Q: Am I entitled to California final paycheck waiting period penalties?
Last day of work was May 23 . We are paid twice a month, but my last day of work didn't fall exactly on the pay period date. A month later I realize that I only got paid my regular bimonthly pay and not for the extra 3 days. I reach out to someone in payroll around Jun 25th and they said they would contact the payroll provider to look into it. OVer 2 months of them ignoring me, so i threaten to file a complaint with the labor commissioner. Next day they email and said the payroll provider finally got back to them and they would send my pay asap.. this is around sept 16th. I don't receive the rest of my pay until their next paydate the end of september.
I know the labor code says if a "good faith dispute" exist the waiting period penalty doesn't apply. Shouldn't the timeclock start again after I inform them of the mistake or after a reasonable time for them to investigate? Does it matter that the amount in dispute was around $1k but the penalty would be close to $15k?
First, if you worked for a government employer, you do not have the protection of the California Labor Code so no Wait Time Penalties.
Next, you have to prove the employer willfully failed to pay your final wages in a timely manner.
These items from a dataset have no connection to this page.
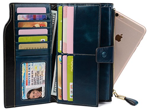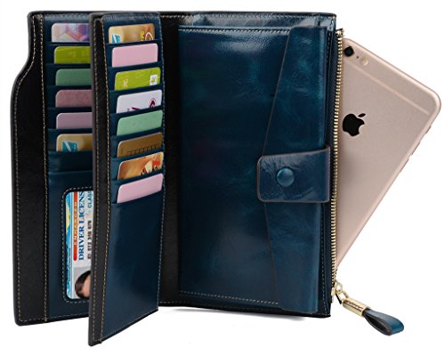 -. Feature : ➤HIGH QUALITY: Advanced Grained leather with wax finish, feels luxury and comfortable, which will look even better after using for a long time. Gold-color hardware, heavy duty zipper and detailed contrast stitching brightens up the wallet / ➤SUPER ORGANIZATION: 21 Card Holders, including 1 ID window; 3 cash compartments; 1 snap pocket and 1 zipper pocket. Zipper pocket can hold an iPhone 7 without case. Snap pocket can hold an iPhone 7 Plus without case. / ➤HUGE CAPACITY: With this wallet, you can carry 20 credit cards, 1 driver license/ ID, cash, coins, notes, receipts, cheekbook and your cellphone everyday. One wallet is enough for everyday use! / ➤QUICK ACCESS: Multi-storey fold is designed for you to keep your things well oraganized and provide quick access to the cards/cash/phone/coins you need. Save your from your busy life. / ➤Dimensions: 7.32"L x 4.05"W x 1.1"H . The Weight is 0.40 pounds. It is just the size for a wallet you can simply hold it on hand or put it in a medium bag.
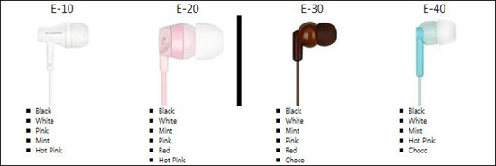 다양한 디자인과 컬러의 갖춘 인이어 스테레오 이어폰 E시리즈 4종(E-10, E-20, E-30,
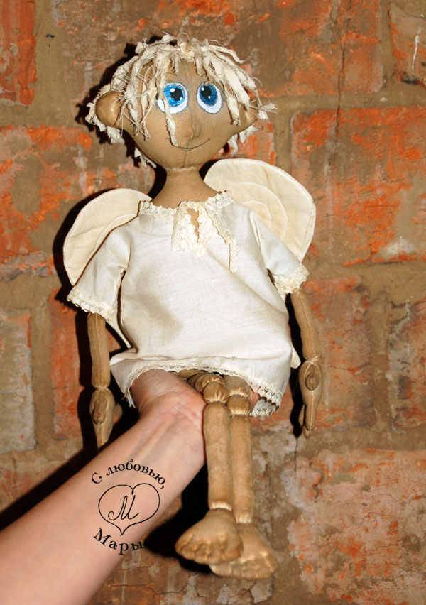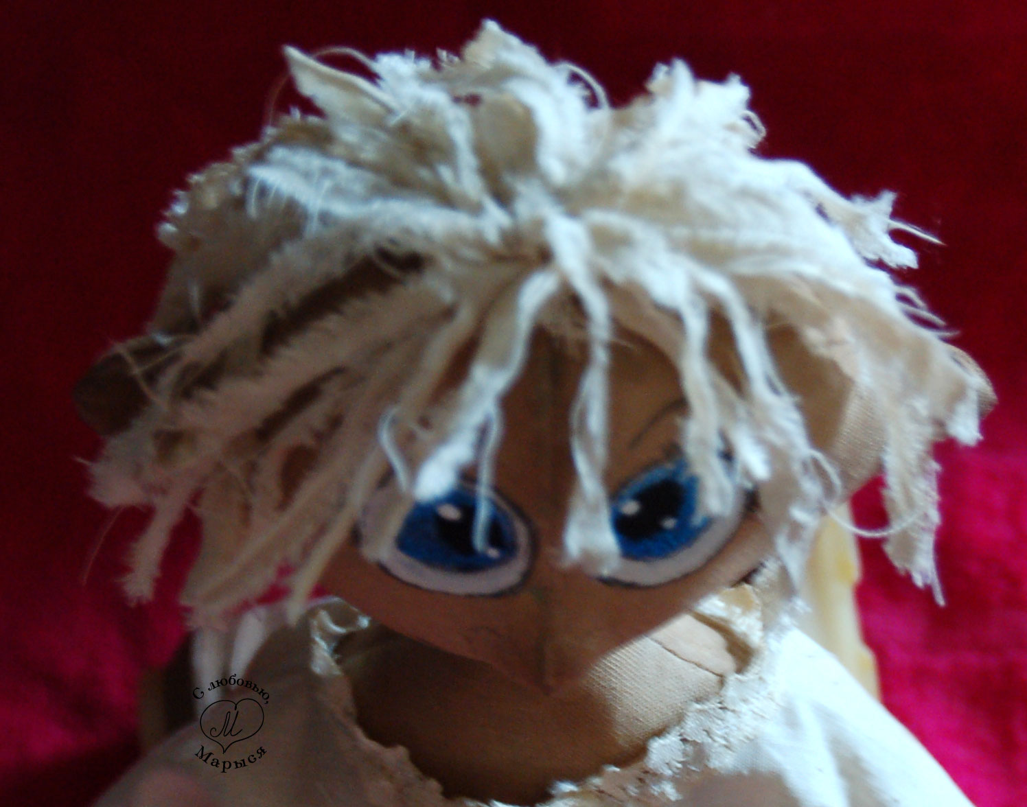 Ну или, например вот, как у старшего брата Макарки, ангела Василия. Кстати, можете посмотреть как выглядит не тонированная кукла, и волосики из тонких ниток, а за одно и другой вариант росписи личика. Я не буду подробно останавливаться на этом моменте, скажу только, что также, можно личико вышить, использовать готовые глазки, нарисовать их другими способами. Это уже на ваше усмотрение и желание. Если решите рисовать, и раньше этого не делали, потренируйтесь сначала на бумаге, потом на кусочке ткани, и только потом на кукле.

What is willful can sometimes be difficult to prove. And you will have the burden of proof.
The amount of money involved does not change the legal standards to be applied.
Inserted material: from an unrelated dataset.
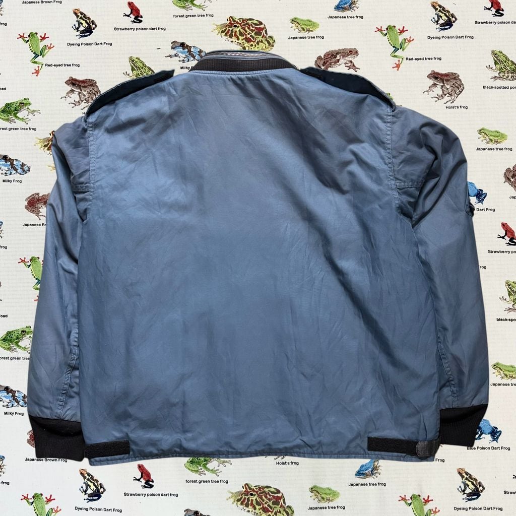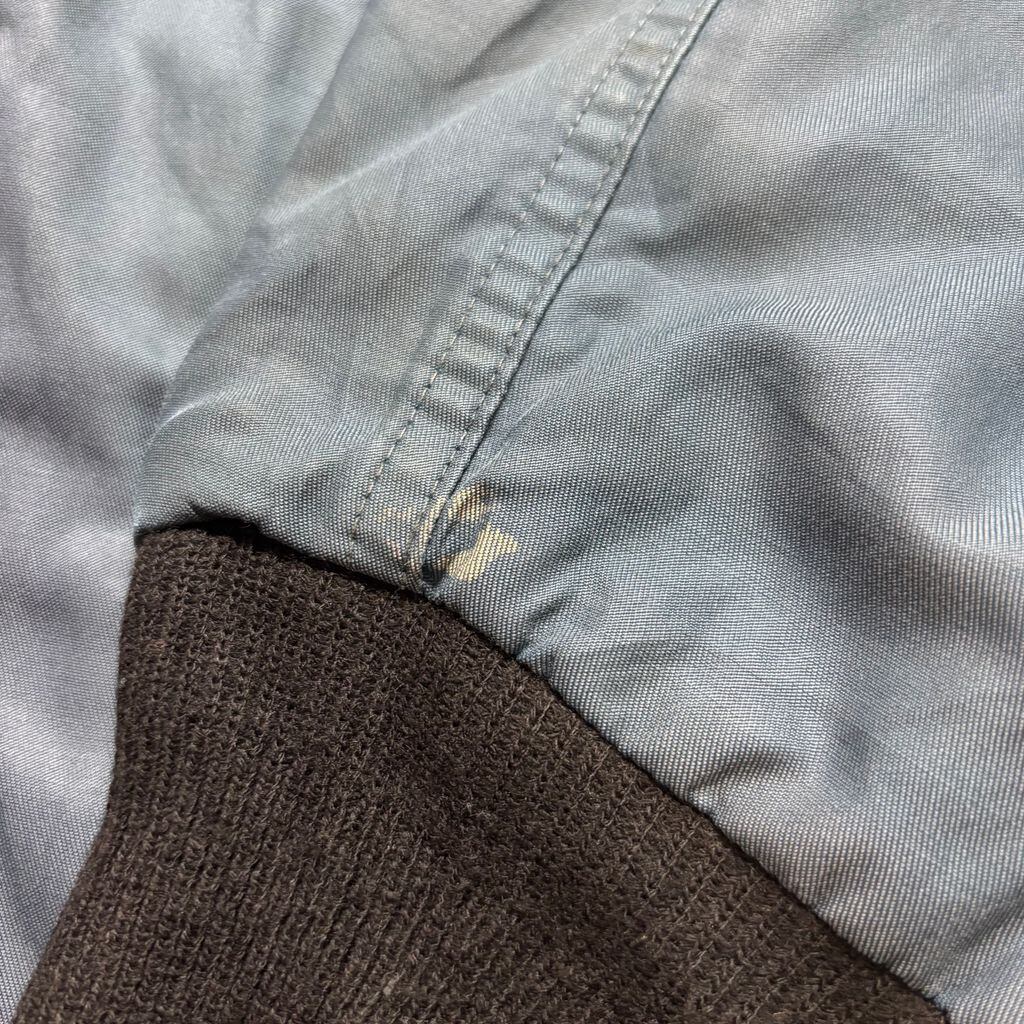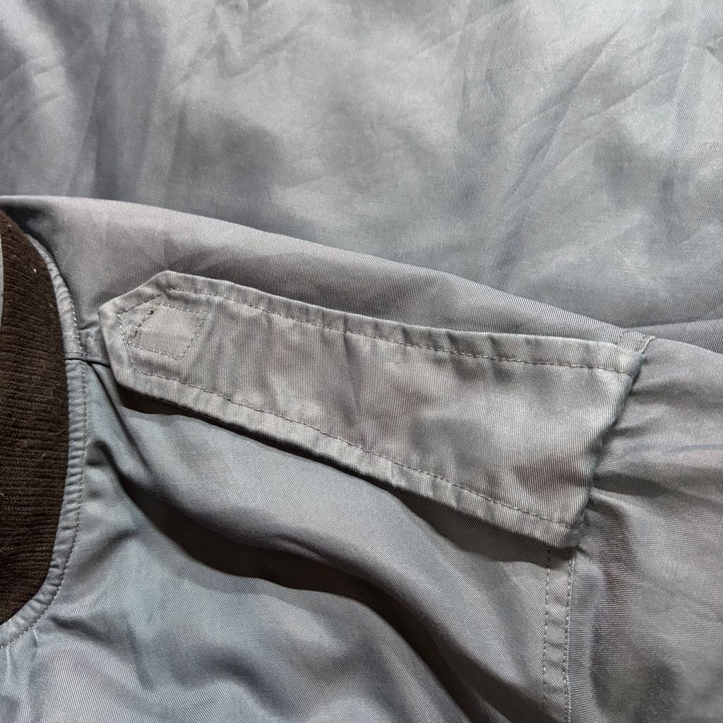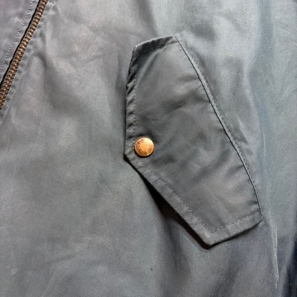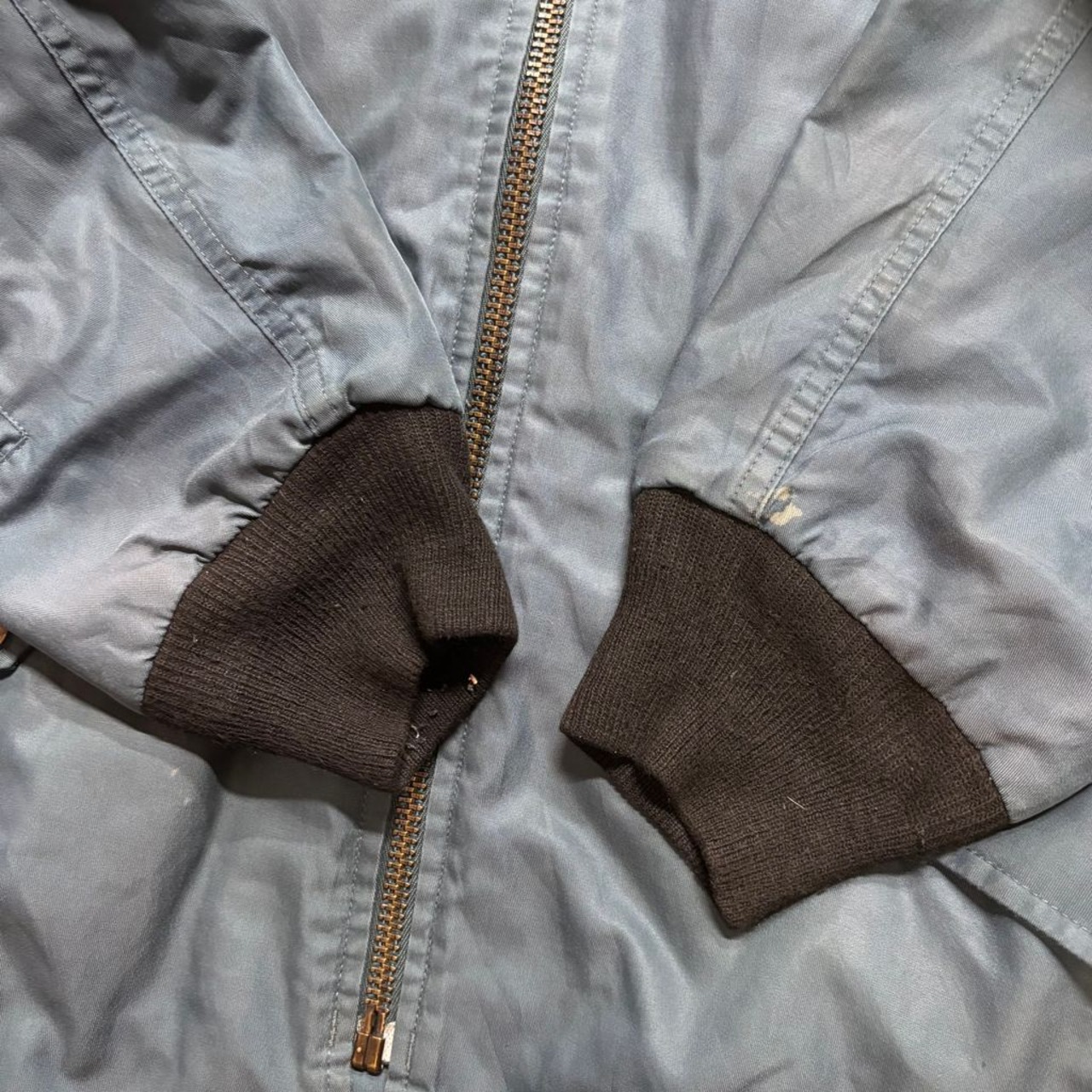 やや光沢を帯びたブルーグレーのナイロンコットンシェル、米軍のものとはまた違った独特の色味に加えシルエットも通常のジャケットのようで、面白いですね。

Based on the limited information provided in your post, it would seem you would have a decent chance of success. However, you need to share all relevant information with an employment law attorney to get an opinion that you can rely upon.
Good luck to you.
A: If you work for a private employer, you should be entitled to the max of 30 day's waiting time penalties. The employer at a duty to pay you all compensation earned within with 24 hours of termination and 72 hours of resignation. The employer also owes you 3 additional pays pay. The relative size of the wages owed to the ultimate penalty is the based on the strong policy of California that wages must be paid timely and the financial consequences of non-payment will hurt.